The December Fed minutes suggest everyone spent a fair amount of time debating exactly what the fuck is going on and whether it’s something anyone needs to be particularly concerned about. Here’s the relevant excerpt:

Meeting participants also discussed the recent narrowing of the gap between the yields on long- and short-maturity nominal Treasury securities, which had resulted in a flatter profile of the term structure of interest rates.
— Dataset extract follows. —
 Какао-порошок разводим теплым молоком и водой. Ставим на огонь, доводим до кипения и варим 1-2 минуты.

Among the factors contributing to the flattening, participants pointed to recent increases in the target range for the federal funds rate, reductions in investors’ estimates of the longer-run neutral real interest rate, lower longer-term inflation expectations, and lower term premiums. They generally agreed that the current degree of flatness of the yield curve was not unusual by historical standards. However, several participants thought that it would be important to continue to monitor the slope of the yield curve. Some expressed concern that a possible future inversion of the yield curve, with short-term yields rising above those on longer-term Treasury securities, could portend an economic slowdown, noting that inversions have preceded recessions over the past several decades, or that a protracted yield curve inversion could adversely affect the financial condition of banks and other financial institutions and pose risks to financial stability. A couple of other participants viewed the flattening of the yield curve as an expected consequence of increases in the Committee’s target range for the federal funds rate, and judged that a yield curve inversion under such circumstances would not necessarily foreshadow or cause an economic downturn. It was also noted that contacts in the financial sector generally did not express concern about the recent flattening of the term structure.
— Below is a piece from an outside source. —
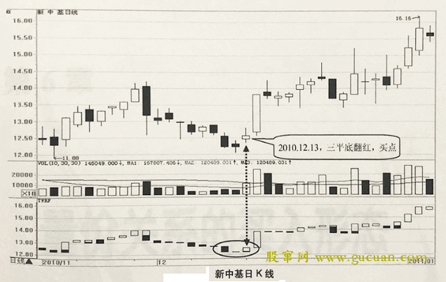 如圖所示,2010年12月9日至13日,新中基(000972)的股價經(jīng)過一段時間下跌后,其寶塔線指標完成了三平底翻紅的形態(tài)。這個形態(tài)說明市場上的空方力量逐漸減弱,多方力量增強。12月13日,該形態(tài)最后一根寶塔線的上方變成紅色,買點出現(xiàn)。

Whatever, right? Obviously they’re going to put their least alarmist foot forward there, but it’s worth noting that “crazy eyez” Kashkari cited the curve as one reason for his dissent in December.
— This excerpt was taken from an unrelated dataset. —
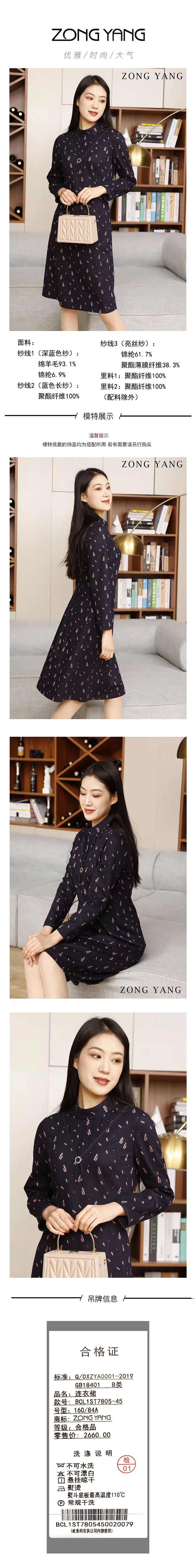 宗洋收腰立领提花面料连衣裙BCL1ST7805-45

“Continuing to raise rates in the absence of increasing inflation could needlessly hold down wage growth while potentially increasing the chance of a recession,” Kashkari said last month in a statement explaining his third dissent of the year. “While the yield curve has not yet inverted, the bond market is telling us that the odds of a recession are increasing.”

Naturally, this raises questions about whether an inversion would prompt the Fed to slam on the brakes when it comes to the hikes. For their part, Goldman says the answer is no. Or at least probably not.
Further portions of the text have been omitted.